Les données relatives aux patients et à la consommation de médicaments sont basées sur des rapports dont le contenu est limité. Par exemple, 39% seulement des établissements déclarent des données sur la consommation de médicaments contre le paludisme, mais aucune donnée sur les patients touchés par le paludisme n’est communiquée au niveau communautaire. S’agissant du VIH, 64% des établissements de prise en charge du virus déclarent des données sur les patients. Des inexactitudes majeures ont également été découvertes dans les données déclarées relatives aux patients atteints de paludisme. Le caractère limité de ces données entrave la quantification des besoins de médicaments (laquelle est fonction des patients et de la consommation de médicaments, ce qui contribue aux ruptures de stock tant au niveau central que des établissements) et impacte aussi la fiabilité des résultats des programmes. L’une des causes fondamentales tient à l’insuffisance de la supervision au niveau central et des districts. En outre, le faible nombre de pharmaciens formés (seulement deux pour les sept maîtres d’œuvre des subventions au niveau national et seulement un pour les dix-huit structures infranationales contrôlées) contribue à des pratiques incohérentes et erronées de gestion de la chaîne d’approvisionnement, lesquelles ont retardé la planification des approvisionnements.

Dans cette “morosité sanitaire” dans laquelle, comble de malheur, les élèves malagasy ont goûté à des “vacances de peste” complètement inédites sur la planète Terre, une embellie pointe à l’horizon, malgré les constats suivants: faible couverture des services sanitaires; absence de données sur la prise en charge du paludisme au niveau communautaire; capacités limitées des travailleurs de santé communautaires; problèmes d’accessibilité; absence de supervision des soins communautaires; taux de dépistage faible parmi les populations clés; sensibilisation et la couverture faibles; portée limitée de la stratégie de dépistage; nécessité d’actualiser les estimations de prévalence; carence dans les capacités et les formations; lacunes au niveau du suivi des patients. Oui, malgré tout cela, des actions prometteuses, courant jusqu’en 2020, ont été convenues avec la Direction de la Division de la gestion des subventions du Fonds mondial.
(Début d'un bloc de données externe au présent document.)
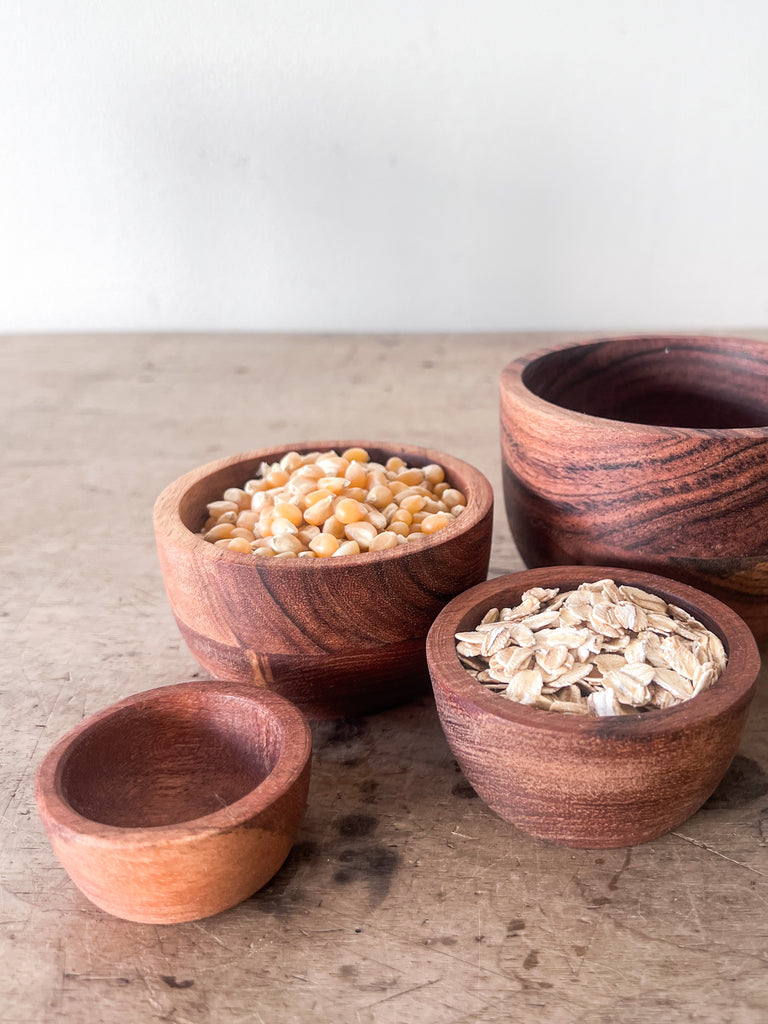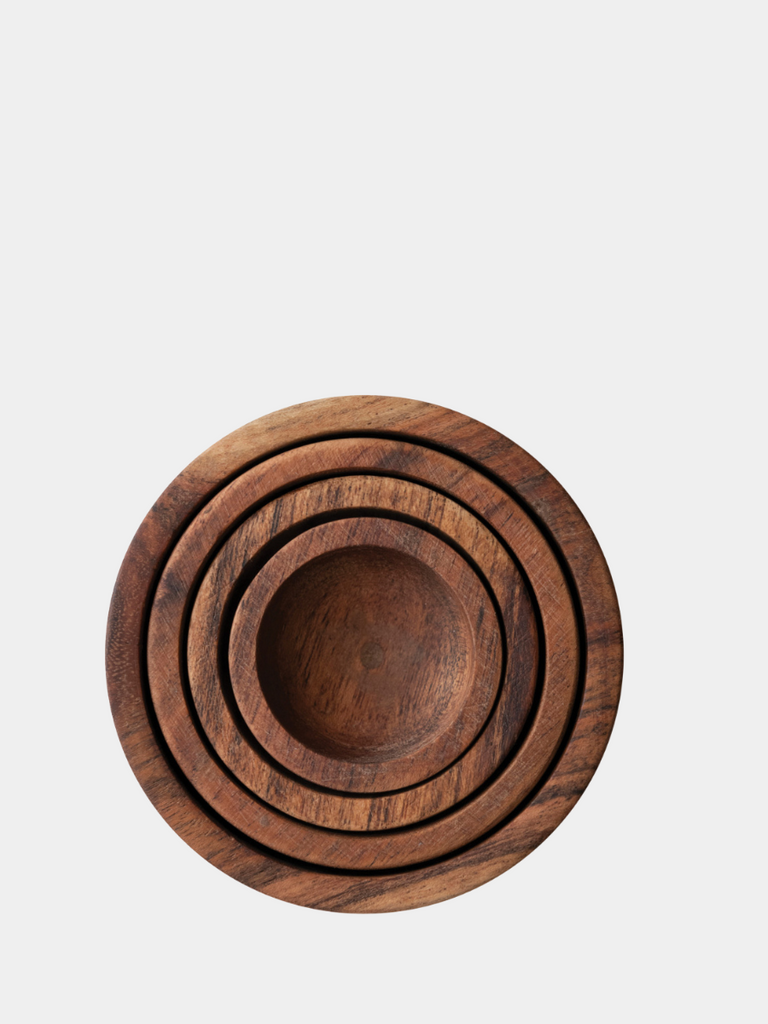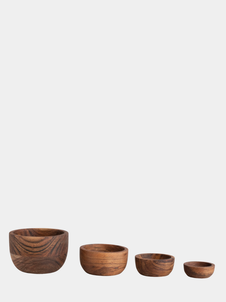 4" Round, 3-1/2" Round, 2-1/2" Round & 2" Round Acacia Wood Nesting Bowls, Natural, Set of 4

A présent, transparence oblige, le régime actuel a le devoir d’informer l’opinion publique sur le montant exact dont Madagascar dispose en ce qui concerne l’aide financière émanant du Fonds mondial sur ces trois pandémies que sont le sida, la tuberculose et le paludisme. Pour le moment, amis lecteurs (féminins et masculins), sachez qu’à Madagascar, les subventions du Fonds mondial sont consacrées à hauteur de 59% environ aux produits de santé et aux coûts d’achat de fourniture liés. Les produits de santé contre le VIH ont été achetés par l’intermédiaire de l’UNICEF jusqu’en janvier 2018, mais cette fonction a depuis été confiée au mécanisme d’achat groupé du Fonds mondial. Les achats de produits de santé contre le paludisme sont réalisés par le siège de PSI (Population Services International) Unité centrale d’achat, et les achats de produits de santé contre la tuberculose sont assurés par le Service pharmaceutique mondial. La centrale publique d’achat des médicaments (Centrale d’achats de médicaments essentiels et de matériel médical SALAMA) est chargée du stockage et de la distribution des produits de santé contre les trois maladies.